Ottavio Acquaviva d'Aragona, seniore (1560–1612) was an Itaian Roman Catholic cardinal and archbishop.

Biography
He was born in Naples in 1560 to Duke Giovan Girolamo and Margherita Pio. He was a brother of Cardinal Giulio Acquaviva d'Aragona and Blessed Rodolfo Acquaviva, who was martyred in 1583 in the East Indies. Ottavio studied law at the University of Perugia, from which he received a doctorate in 1582.

He studied "belle lettere" and Greek at the University of Perugia and obtained a degree in utroque iure. Then he went to Rome and entered the Curia, initially as a referendum of the Supreme Court of the Apostolic Signatura. Between 1590 and 1591 he was major domo for Pope Gregory XIV. 

Pope Gregory XIV raised him to the rank of cardinal of the Catholic Church in the consistory of 6 March 1591 

and on 5 April of the same year he received the deaconage of St. George in Velabro. From 1593 to 1601 he was a legate of Avignon, but in 1597 returned to Rome. On 22 April 1602 he opted for the title of Saints John and Paul and on 5 June 1605 for that of Santa Prassede.  

On 18 Sep 1605, he was consecrated bishop by Roberto Francesco Romolo Bellarmino, Archbishop Emeritus of Capua, with Antonio Caetani (iuniore), Archbishop of Capua, serving as co-consecrator.

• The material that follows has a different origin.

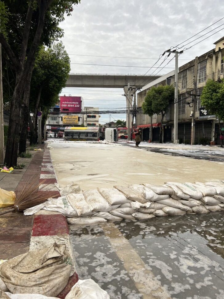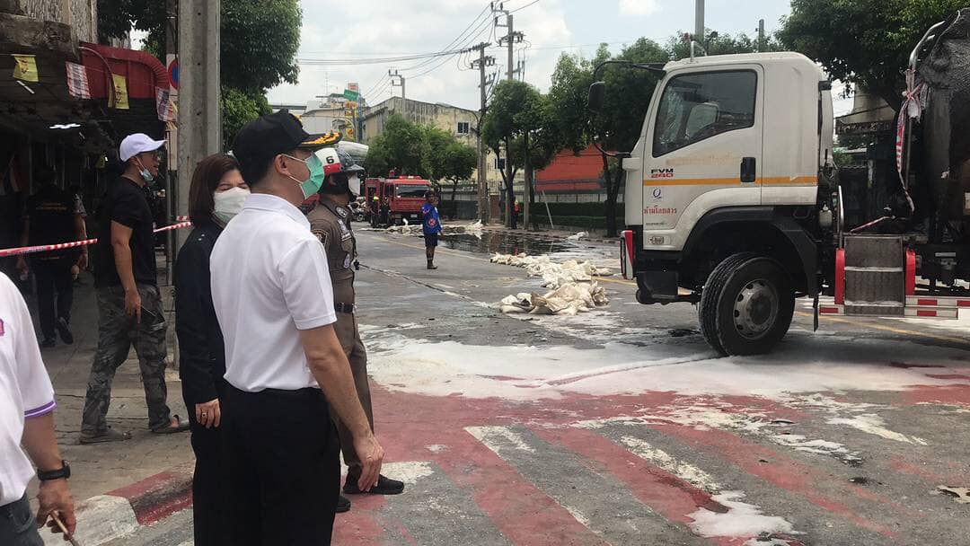 นายดลจิตร์ เสรีรักษ์ ผู้อำนวยการเขตราษฎร์บูรณะ พร้อมด้วยนายปรีดา โอดลี หัวหน้าฝ่ายปกครอง นายนฤพล เวชกรบริรักษ์ หัวหน้าฝ่ายเทศกิจ นำเจ้าหน้าที่เขต ลงพื้นที่จุดที่รถบรรทุกน้ำมันพลิกตะแคง และมีการอพยพชาวบ้านกว่า 200 คน ที่พักอาศัยใกล้เคียงจุดเกิดเหตุให้ไปพักยังที่ชั่วคราวที่สำนักงานเขตราษฎร์บูรณะจัดไว้ให้
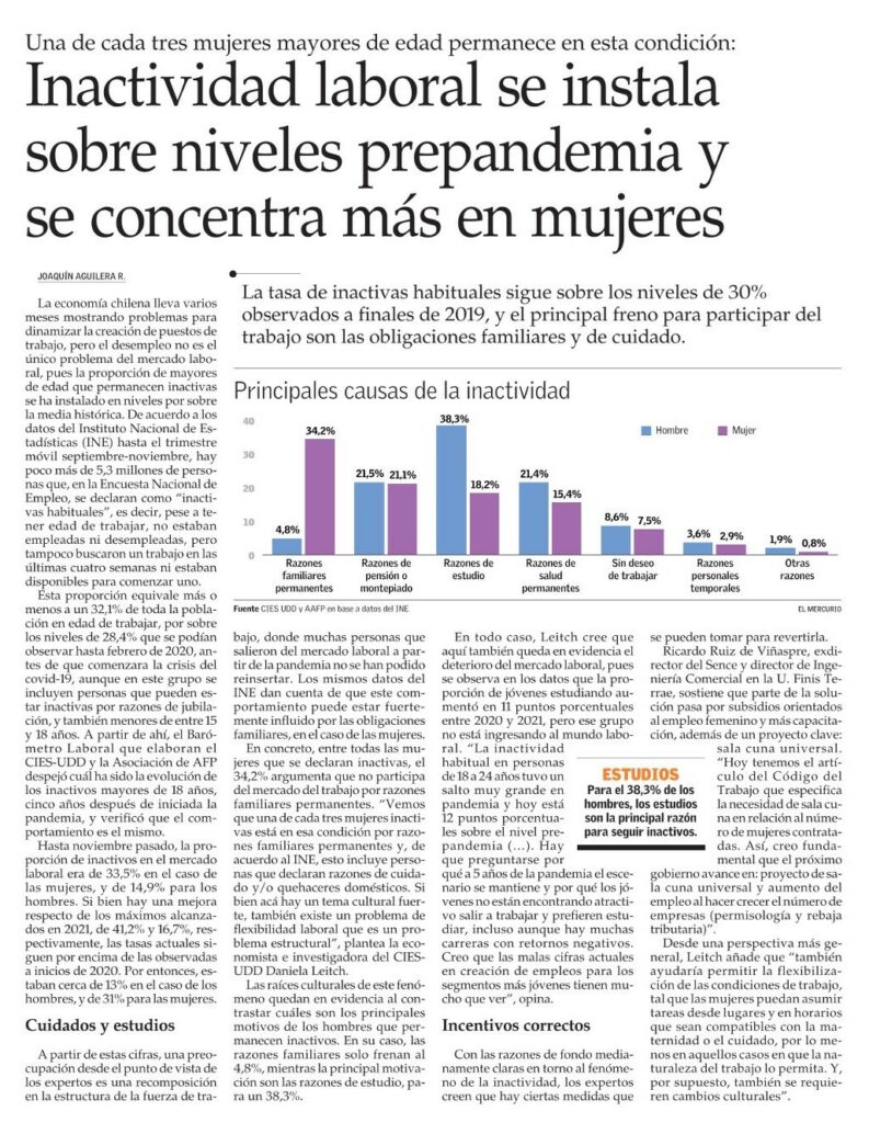 En concreto, entre todas las mujeres que se declaran inactivas, el 34,2% argumenta que no participa del mercado del trabajo por razones familiares permanentes. “Vemos que una de cada tres mujeres inactivas está en esa condición por razones familiares permanentes y, de acuerdo al INE, esto incluye personas que declaran razones de cuidado y/o quehaceres domésticos. Si bien acá hay un tema cultural fuerte, también existe un problema de flexibilidad laboral que es un problema estructural”, plantea la economista e investigadora del CIES-UDD Daniela Leitch.

On 31 August 1605 he was elected archbishop of Naples, where he went at the end of November of that same year. He celebrated the diocesan synods of 1607, 1611 and 1612. 

He took part in four conclaves: that of 1591 which elected Pope Innocent IX, that of 1592 which elected Pope Clement VIII and both the conclaves of 1605 which elected Pope Leo XI and Pope Paul V. 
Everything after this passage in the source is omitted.